* _Problem statement_: Only the lines from the one containing "市比野温泉 よさこい踊り" to the end of the records belong in the answer; repeat them exactly and drop the pictures.

Start of Entries shown

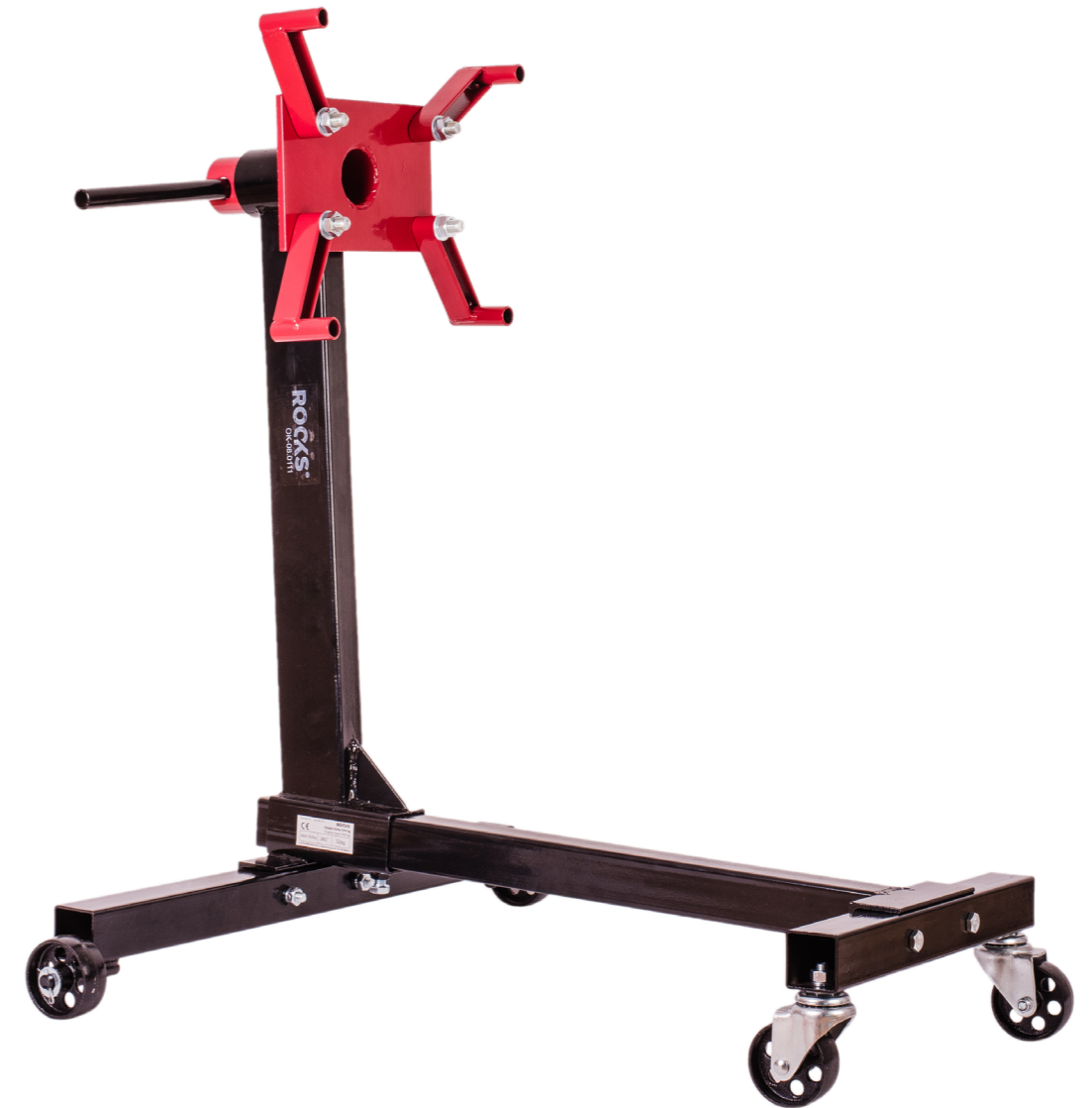
OK-08.0111 Stojak silnika 500 kg cena brutto: 230,00 zł
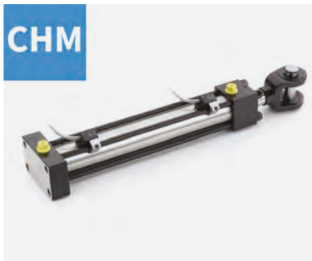
▲ Cilindri idraulici magnetici ISO6020/2, DIN24554.
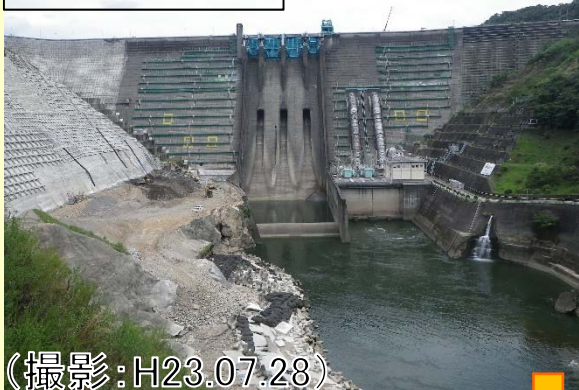
ダム下流から撮影
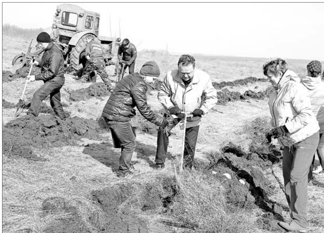
ПОСАДКУ ЛЕСА ВЕДУТ ДЕПУТАТЫ РАЙОННОГО СОВЕТА.
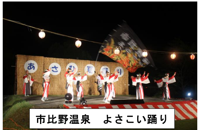
市比野温泉 よさこい踊り
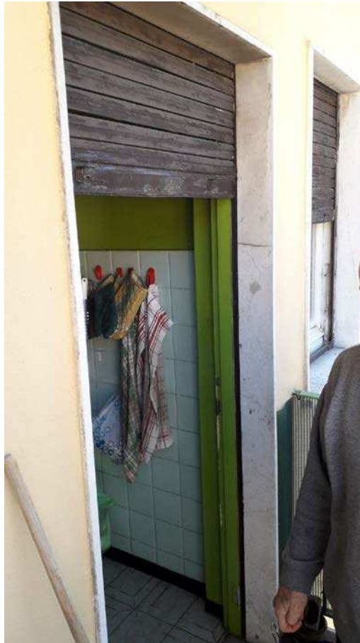
Fotografia 19 – Dettaglio serramenti e infissi/2
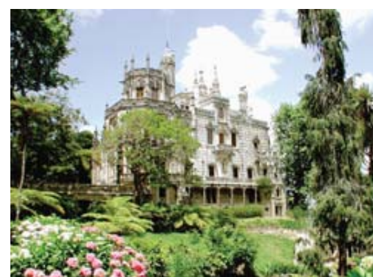
Magique. La Quinta da Regaleira émerge d'une végétation exubérante.
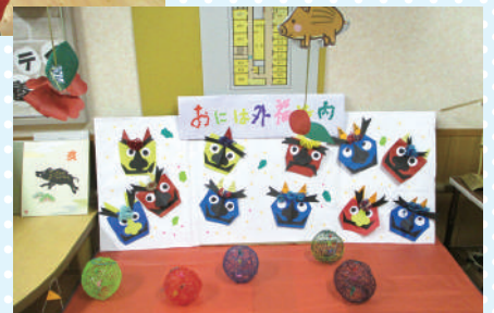
鬼は外！福は内！ 一年の無病息災を願って節分の豆まきを行いました。 今年も元気に過ごせそうです！
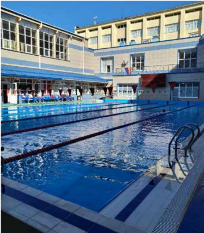
Басейн, у якім праходзілі спарторніцтвы.
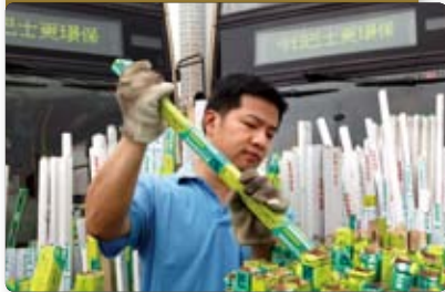
九巴成為全港首間參與光管回收計劃的企業
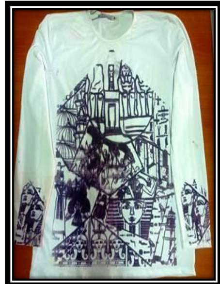
(٤- ب ) عمل طلابي (تيشرت),طباعة شاشة حريرية.
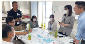
2市2町・ダム関係機関にてモデルコースを作成
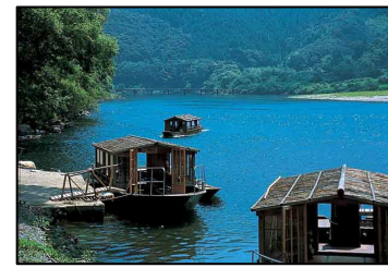
四万十川遊覧船(屋形船) 水辺のホタル群
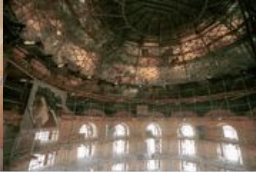
Строительные леса внутри центрального купола, изготовленные на заводе "МИГ" (высота подкупольного пространства около 15 м).
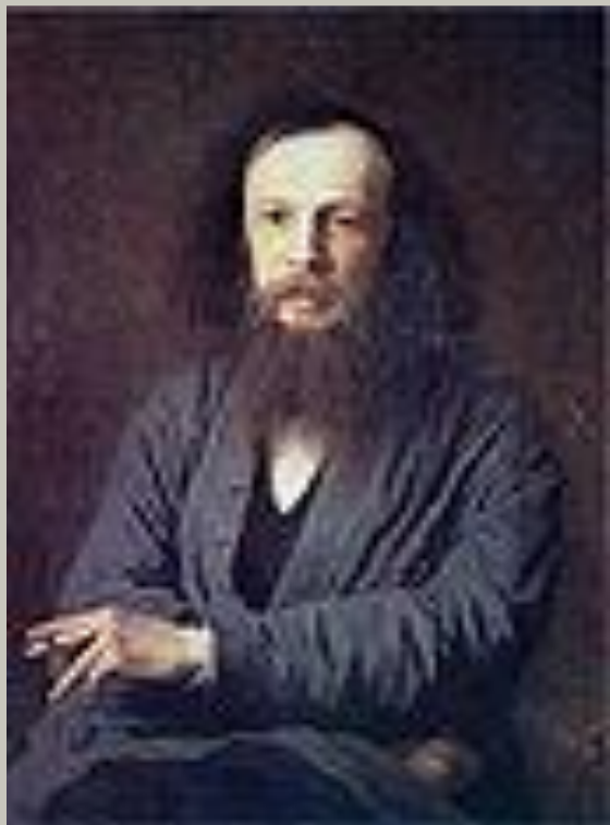
Портрет Д.И. Менделеева

End of Entries shown

* _Solved problem_:
市比野温泉 よさこい踊り
Fotografia 19 – Dettaglio serramenti e infissi/2
Magique. La Quinta da Regaleira émerge d'une végétation exubérante.
鬼は外！福は内！ 一年の無病息災を願って節分の豆まきを行いました。 今年も元気に過ごせそうです！
Басейн, у якім праходзілі спарторніцтвы.
九巴成為全港首間參與光管回收計劃的企業
(٤- ب ) عمل طلابي (تيشرت),طباعة شاشة حريرية.
2市2町・ダム関係機関にてモデルコースを作成
四万十川遊覧船(屋形船) 水辺のホタル群
Строительные леса внутри центрального купола, изготовленные на заводе "МИГ" (высота подкупольного пространства около 15 м).
Портрет Д.И. Менделеева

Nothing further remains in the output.